Durability of Alkali activated concrete made using multiple precursors as primary binders

Alkali-activated binders (AABs) have been and continue to be extensively explored as an alternative to ordinary Portland cement (OPC), addressing environmental and sustainability issues. A large number of studies that were conducted earlier focused mainly on the mechanical properties and some durability aspects of industrial waste-based AABs. However, chloride migration and diffusion causing reinforcement corrosion in AAB-based concrete (AAC) have not been thoroughly investigated. The present study focuses on the durability of AAC produced using multiple precursors that included industrial waste materials and natural minerals such as limestone powder (LSP), red mud (RM), silicomanganese fume (SMF), and natural pozzolan (NP) activated by alkali.
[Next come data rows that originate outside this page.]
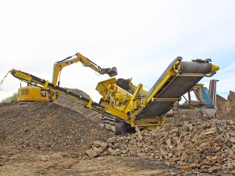 Besonders sensibel sind Transportgewichte bei den kompakten Allroundern der 250 bis 300-t/h-Klasse. Hier zeigt Keestrack seinen erst im vergangenen Jahr vorgestellten vollhybriden Prallbrecher R3e mit Eindeck-Anbausieb und Überkornrückführung (ges. 32 t) sowie den Backenbrecher Keestrack B3e mit neuem unabhängigem Vorsieb. Die elektrisch angetriebene Doppeldeck-Einheit (oben 1,6 m²; unten 1,2 m²) optimiert Effizienz und Verschleißverhalten des 1000 x 600-Backenbrechers, als nach wie vor größtem Aggregat innerhalb der 30-Tonnen-Klasse. Die elektrische Ausrüstung der überwiegend diesel-hydraulisch angetriebenen Anlage umfasst einen 42,5 kVA-Generator für die Aufgaberinne, das Vorsieb, alle Bandantriebe und Nebenaggregate sowie den 16A-Plugout-Anschluss für nachgeschaltete Siebe oder Haldenbänder.
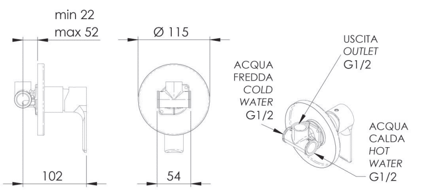 Lerici 30 – Miscelatore doccia da incasso senza deviatore
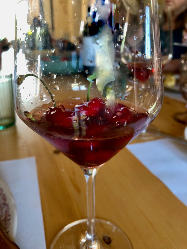 The color of Luigi’s Baldovino, Cerasuolo was a bright, vibrant cherry red that matched the cherries on the table. The name, Baldovino (herders who looked after sheep) was the nickname the local neighbors gave to his father so the family created a wine label, “Baldovino” in homage to his nickname.
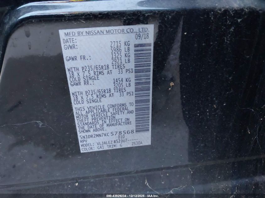 2019 NISSAN PATHFINDER - 5N1DR2MN7KC578568, цвет - Черный, 3.5, Бензин, Передний привод из США
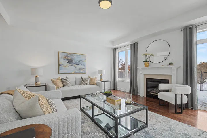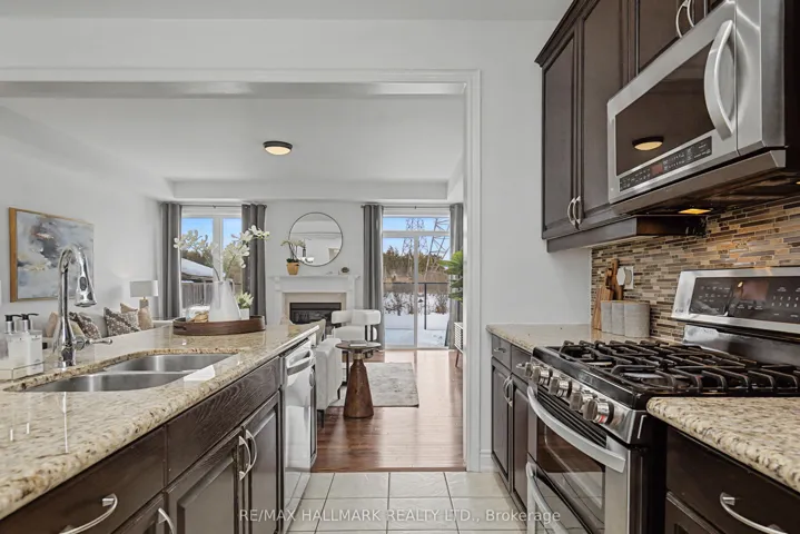 This fabulous home backs onto greenspace and is linked at the garage only providing all the privacy and benefits of living in a detached home. This stunning home boasts 1882 sq feet above grade and 830 sq feet of basement. Nicely upgraded & tucked away on a quiet crescent between the 401 & 407 & just a few minutes drive to major conveniences like Costco, Walmart, Metro, Cineplex, Tons of restaurants, Pickering Casino, Lots of walking trails, Greenwood conservation, Deer Creek Golf Course. This house showcases an open concept layout great for large families & entertaining …The unique layout for this model has the kitchen open to the dining area and living room. The main floor has tons of light with large windows & patio doors, 9 foot ceilings, crown moulding, Pot lights, Hardwood floors on main and upper, gas fireplace, direct access to garage, walk out to backyard with no neighbours behind. The expansive eat in kitchen offers a breakfast bar island, granite counters, gas stove, stainless appliances, under mount sink. Oak staircase welcomes you to the second floor with stunning hardwood and a great layout. Primary bedroom at the back of the house overlooking the backyard/ greenbelt for added privacy, with your own bath and walk in closet, set well away from the rest of the bedrooms on the second floor, other bedrooms are great sizes with large closets, All rooms have wooden blinds as well The basement is partially finished with a rec room at the rear with pot lights and large windows. The rest of the basement provides a great canvas to finish as you like. Front and rear yards have been landscaped with stone and interlock, Also rough in for bathroom in basement near gym set up.

Firstly, the dosages of all four precursors were optimized through trials and then NP was partially replaced by 10, 20 and 30% OPC to enhance the performance of the AABs. The AAC mixtures were prepared and cured under different conditions and tested for compressive strength and durability characteristics related to chloride permeability, chloride migration, chloride diffusion, and chloride-induced reinforcement corrosion to evaluate the performances of the mixtures. The results show that the composition of the AABs and curing regimes significantly influenced the performance of the AAC. The inclusion of the OPC resulted in a very significant enhancement of the strength and durability characteristics of the AAC. In addition, there is a sharp increase in the performance of the AAC mixtures when the OPC content of the precursor was increased from 10 to 20%, irrespective of the curing method. Therefore, an optimum dosage of the OPC in the precursor can be considered as 20%, allowing utilization of 80% waste materials and natural minerals as the precursor with much higher strength and durability characteristics than traditional OPC concrete, thus saving energy and reducing environmental pollution leading to a cleaner production of concrete. Lastly, electrochemically measured corrosion potential (Ecorr) and corrosion current density (Icorr) values for the reinforcing bars (rebars) embedded in AAC mixtures were found to be misleading, as confirmed by visual inspection of the extracted rebars in addition to gravimetric test results. Hence, there is a need for further research to develop corrective measures before the utilization of the electrochemical-reinforced corrosion monitoring methods in the case of AACs.